In the commodity space, oil (-0.5%) is continuing its recent decline, although yesterday it managed to bounce a bit and close above the $70/bbl level where it still sits, barely. But the metals complex is having another good day with gold (+0.6%) pushing to new all-time highs as western investors are finally following Chinese and Indian investors as well as global central banks. The lower interest rates certainly help here. Similarly, we are seeing gains in the other metals (Ag +1.2%, Cu +1.1%) as stories regarding shortages for both metals in the long-term resurface given the lack of new mining activity and increased demand driven by the idea of increased solar and electricity needs respectively.
Finally, the dollar, overall, is little changed, holding onto its recent gains although with a mixed performance this morning. ZAR (+0.5%) is this morning’s leader on the back of the metals market gains, and we have seen strength in KRW (+0.3%) as well. However, elsewhere, movement is small and favoring the dollar (HUF -0.2%, CZK -0.2%) and we’ve already discussed the euro and pound. Interestingly, the THB (+0.45%) rallied after the rate cut on the back of equity inflows.
There is no major data set to be released this morning and no Fed speakers on the current calendar, although as always, I suspect we will still hear from some of them. Madame Lagarde speaks this afternoon, and given the ECB meeting tomorrow, there will be many interested listeners.

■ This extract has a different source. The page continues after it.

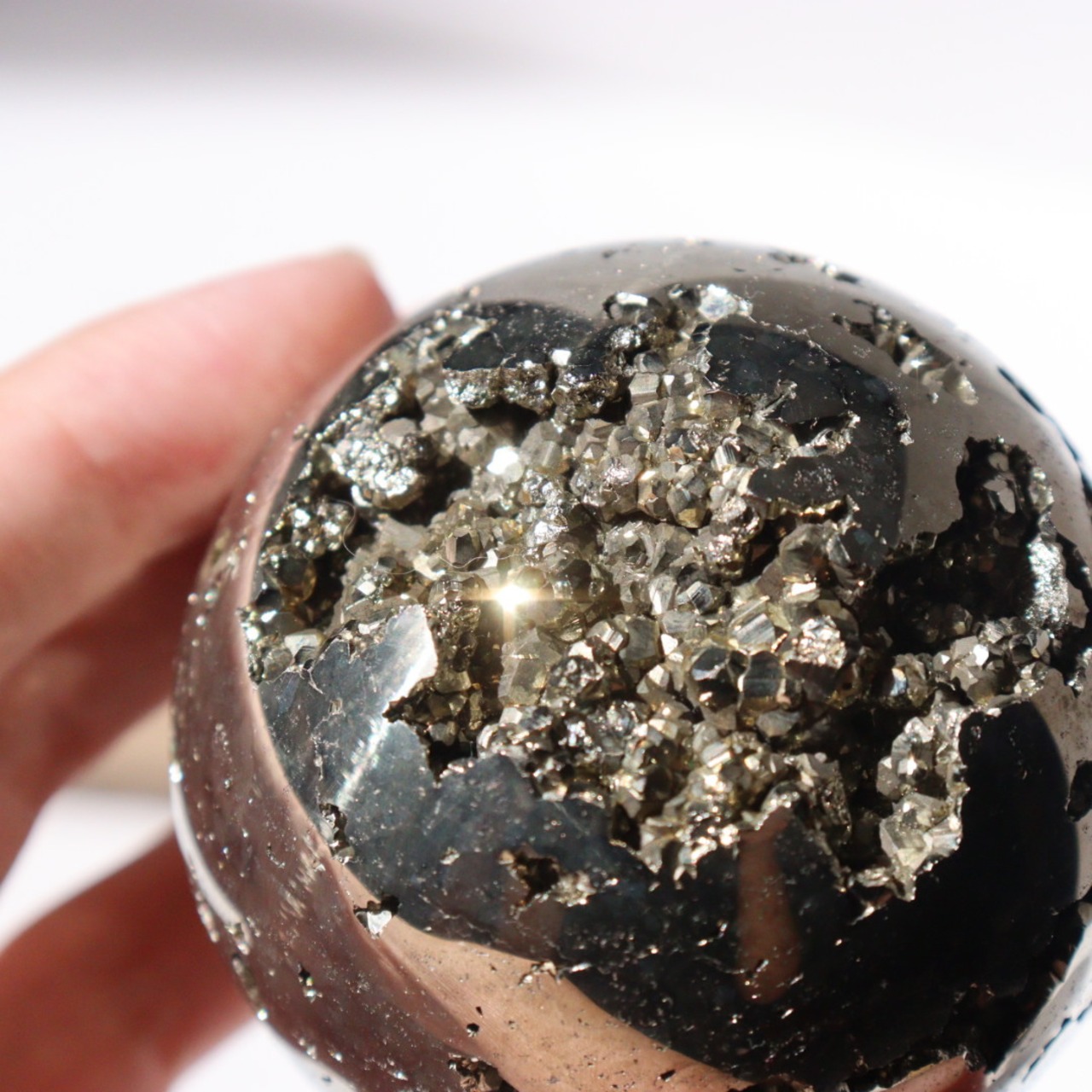 立方体の結晶が神秘的な、ペルー産パイライトのスフィア。

Overall, the themes seem to be that Eurozone inflation is sinking and rate cuts are coming. That should keep some downward pressure on European currencies vs. the dollar, at least until we see or hear something that describes a more aggressively dovish Fed. The one truly consistent feature of these markets has been the rally in gold which seems to benefit from fear, inflation and lower rates, all of which appear to be in our future.